==== Task input
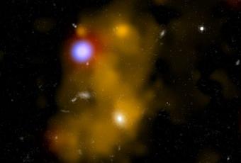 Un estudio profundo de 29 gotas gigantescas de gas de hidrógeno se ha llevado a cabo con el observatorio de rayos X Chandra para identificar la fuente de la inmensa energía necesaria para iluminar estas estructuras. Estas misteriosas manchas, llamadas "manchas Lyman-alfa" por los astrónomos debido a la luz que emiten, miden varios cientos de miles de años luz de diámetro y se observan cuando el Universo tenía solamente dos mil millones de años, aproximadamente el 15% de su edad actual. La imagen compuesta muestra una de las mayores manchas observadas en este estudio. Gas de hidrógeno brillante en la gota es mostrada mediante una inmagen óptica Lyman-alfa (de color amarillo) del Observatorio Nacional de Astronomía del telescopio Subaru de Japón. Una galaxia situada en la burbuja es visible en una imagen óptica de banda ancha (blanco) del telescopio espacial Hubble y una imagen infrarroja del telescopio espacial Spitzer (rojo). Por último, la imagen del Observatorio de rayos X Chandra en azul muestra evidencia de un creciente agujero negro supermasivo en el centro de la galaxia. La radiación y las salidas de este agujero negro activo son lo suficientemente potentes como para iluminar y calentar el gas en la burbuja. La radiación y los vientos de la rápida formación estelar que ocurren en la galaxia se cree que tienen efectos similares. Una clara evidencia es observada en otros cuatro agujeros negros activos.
========
==== Task input
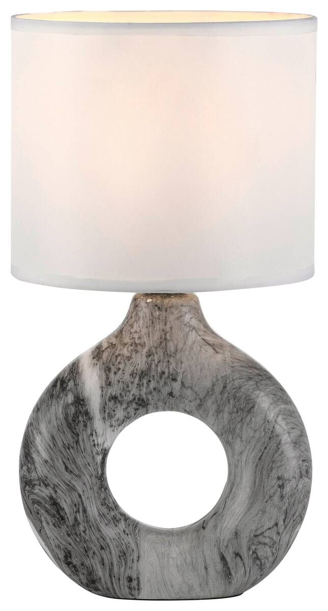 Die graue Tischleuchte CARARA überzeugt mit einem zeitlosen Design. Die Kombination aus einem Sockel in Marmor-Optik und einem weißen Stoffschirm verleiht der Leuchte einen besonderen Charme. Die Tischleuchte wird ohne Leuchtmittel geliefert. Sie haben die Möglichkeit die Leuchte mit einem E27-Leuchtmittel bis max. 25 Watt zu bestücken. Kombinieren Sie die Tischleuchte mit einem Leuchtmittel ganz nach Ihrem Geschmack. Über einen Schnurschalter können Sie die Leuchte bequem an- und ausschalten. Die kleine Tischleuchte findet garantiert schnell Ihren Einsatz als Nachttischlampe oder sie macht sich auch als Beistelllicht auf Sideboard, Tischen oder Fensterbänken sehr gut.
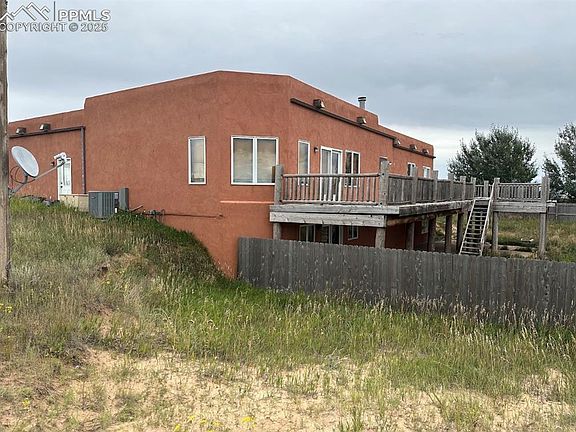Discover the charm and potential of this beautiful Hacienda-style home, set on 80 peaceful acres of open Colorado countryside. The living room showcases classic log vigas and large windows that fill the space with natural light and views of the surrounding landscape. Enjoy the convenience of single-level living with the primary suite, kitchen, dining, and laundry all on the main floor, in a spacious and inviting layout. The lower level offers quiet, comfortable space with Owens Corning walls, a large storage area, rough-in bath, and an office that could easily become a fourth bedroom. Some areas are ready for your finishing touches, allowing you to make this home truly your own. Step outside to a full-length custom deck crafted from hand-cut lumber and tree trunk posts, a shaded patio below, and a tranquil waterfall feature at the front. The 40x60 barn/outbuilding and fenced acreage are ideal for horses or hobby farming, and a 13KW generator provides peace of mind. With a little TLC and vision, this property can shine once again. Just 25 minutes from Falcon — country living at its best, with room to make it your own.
========
==== Task input
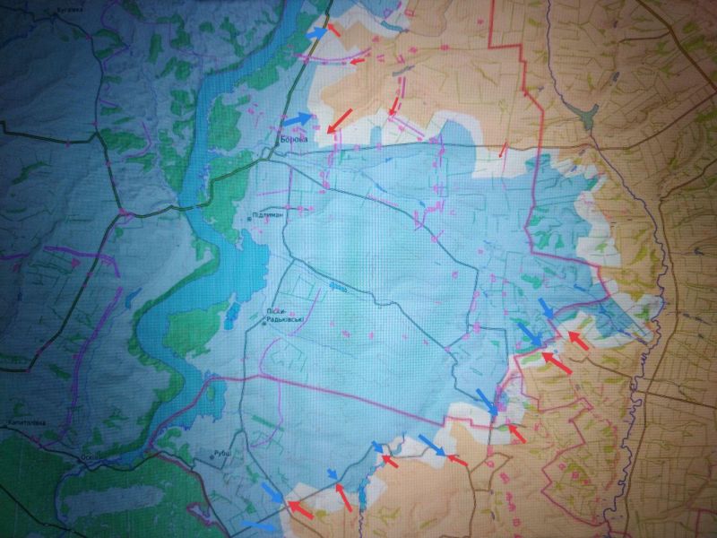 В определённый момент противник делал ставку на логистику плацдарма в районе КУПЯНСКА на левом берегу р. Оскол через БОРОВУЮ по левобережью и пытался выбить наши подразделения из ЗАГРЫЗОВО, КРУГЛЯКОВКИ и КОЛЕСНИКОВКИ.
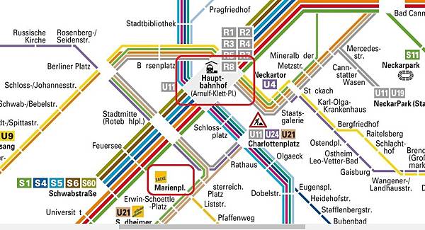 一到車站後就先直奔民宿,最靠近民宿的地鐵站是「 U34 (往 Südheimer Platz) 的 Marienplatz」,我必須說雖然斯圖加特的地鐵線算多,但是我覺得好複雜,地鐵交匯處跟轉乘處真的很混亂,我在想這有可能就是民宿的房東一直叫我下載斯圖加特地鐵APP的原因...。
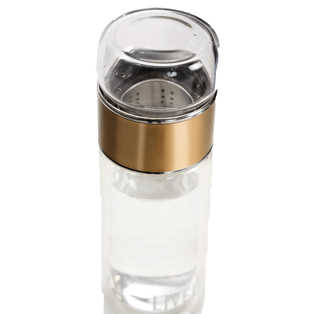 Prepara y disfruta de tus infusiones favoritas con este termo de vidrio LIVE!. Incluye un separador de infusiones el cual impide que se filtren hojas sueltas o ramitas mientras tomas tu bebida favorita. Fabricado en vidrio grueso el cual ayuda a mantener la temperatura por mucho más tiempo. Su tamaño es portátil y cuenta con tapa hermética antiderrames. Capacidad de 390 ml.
========
| What the exercise asks |
The answer must be the lines above from the one containing "一到車站後就先直奔民宿,最靠近民宿的地鐵站是「 U34 (往" through the one containing "Prepara y disfruta", reproduced exactly, with no pictures and nothing else.

| Task output |
 一到車站後就先直奔民宿,最靠近民宿的地鐵站是「 U34 (往 Südheimer Platz) 的 Marienplatz」,我必須說雖然斯圖加特的地鐵線算多,但是我覺得好複雜,地鐵交匯處跟轉乘處真的很混亂,我在想這有可能就是民宿的房東一直叫我下載斯圖加特地鐵APP的原因...。
 Prepara y disfruta de tus infusiones favoritas con este termo de vidrio LIVE!. Incluye un separador de infusiones el cual impide que se filtren hojas sueltas o ramitas mientras tomas tu bebida favorita. Fabricado en vidrio grueso el cual ayuda a mantener la temperatura por mucho más tiempo. Su tamaño es portátil y cuenta con tapa hermética antiderrames. Capacidad de 390 ml.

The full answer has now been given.